Summary - Project Malmö Blog

Logging the initial similarity and finalizing the Reward Handler

We still need to calculate the initial similarity between the two structures. The idea is that some portion of the player structure can be given when the mission starts as a hint, say 80%. The similarity will then be 0.8 times the structure volume. The code for calculating this, with a simple triple nested for-loop, is given below:

void logInitialSimilarity( World w ) {

    // No need to calculate the initial similarity
    if(rewardDensity == RewardDensityForBuildAndBreak.ACCUMULATED || 
       rewardDensity == RewardDensityForBuildAndBreak.MISSION_END) {

        Integer numExactMatchBlocks = 0;

        for (int x = (int) playerStructureAABB.minX; x <= playerStructureAABB.maxX; x++) {
            for (int y = (int) playerStructureAABB.minY; y <= playerStructureAABB.maxY; y++) {
                for (int z = (int) playerStructureAABB.minZ; z <= playerStructureAABB.maxZ; z++) {
                    BlockPos playerStructurePos = new BlockPos(x, y, z);
                    BlockPos goalStructurePos = playerStructurePos.add(delta);

                    if (w.getBlockState(playerStructurePos).equals(goalStructurePos))
                        numExactMatchBlocks++;
                }
            }
        }

        reward =  (float) numExactMatchBlocks / structureVolume;
        bootstrapReward = reward;
    }
}

Finally, we can write the function that returns rewards that get sent to the agent:

@Override
public void getReward(MissionInit missionInit, MultidimensionalReward multidimReward) {
    if(rewardDensity == RewardDensityForBuildAndBreak.PER_BLOCK) {
        Float f = this.reward;
        this.reward = 0.0F;
        multidimReward.add( this.dimension, f );
    }

    else if(rewardDensity == RewardDensityForBuildAndBreak.ACCUMULATED) {
        Float f = reward;
        reward = bootstrapReward;
        multidimReward.add( this.dimension, f );
    }

    else  { // rewardDensity == RewardDensityForBuildAndBreak.MISSION_END
        try {
            // Return a reward only if the QuitCode is present.
            Hashtable<String, Object> properties = MalmoMod.getPropertiesForCurrentThread();
            if (properties.containsKey("QuitCode"))
                multidimReward.add( this.dimension, this.reward );
            else
                multidimReward.add( this.dimension, 0 );
        }

        catch (Exception e)
        {
            System.out.print("Caught exception getting properties while searching for QuitCode!");
            // FMLCommonHandler.instance().exitJava(-1, false);
            // Note: The above commented line of code is a simple way to quit Minecraft on errors. 
            // For the purposes of this caught exception, notifying the user with 
            // a print output suffices.
        }
    }
}

Conclusion

Hopefully everything worked all right and you enjoyed constructing the build battle task.
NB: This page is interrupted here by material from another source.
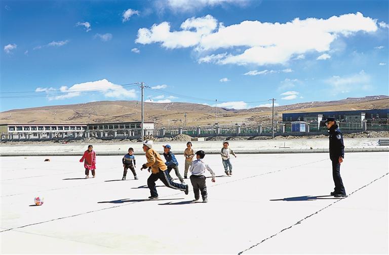 在結束執(zhí)勤,返回宿舍途中,里孜出入境邊防檢查站民警楊會強、盧帆忽聞一陣嬉笑。循聲看去,口岸邊貿市場停車場內,一群充滿活力的小朋友,正圍著一個破舊足球追趕。
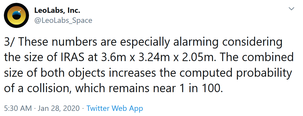 这家公司表示,它正在监测这一方法,另外其最新指标显示预测的脱靶距离在15-30米之间。LeoLabs指出,考虑到IRAS的大小(3.6米×3.24米×2.05米),在某种程度上增加了碰撞的几率,约为1/100。

Please do take a look at and review the resources provided as necessary. Other than that, what's left is now arguably the more fun part: to create missions using the Reward Handler we have added to the Mod and to create AI agents that can solve it. For the former, the sample missions provided will help, but it essentially boils down to writing some XML. As for the latter, it's really an open question! Some instances of the build battle task we have defined here are easy (say small open 2-dimensional structures.) In general, this task is somewhat easy for humans (try it yourself by entering into Human mode with the Enter key once you have started a mission.) However, it is not so easy and tractable for current AI and reinforcement learning agents! The idea of the platform is indeed this, to be able to create tasks with a broad spectrum of difficulties and by working at it's forefront, advance the state of AI.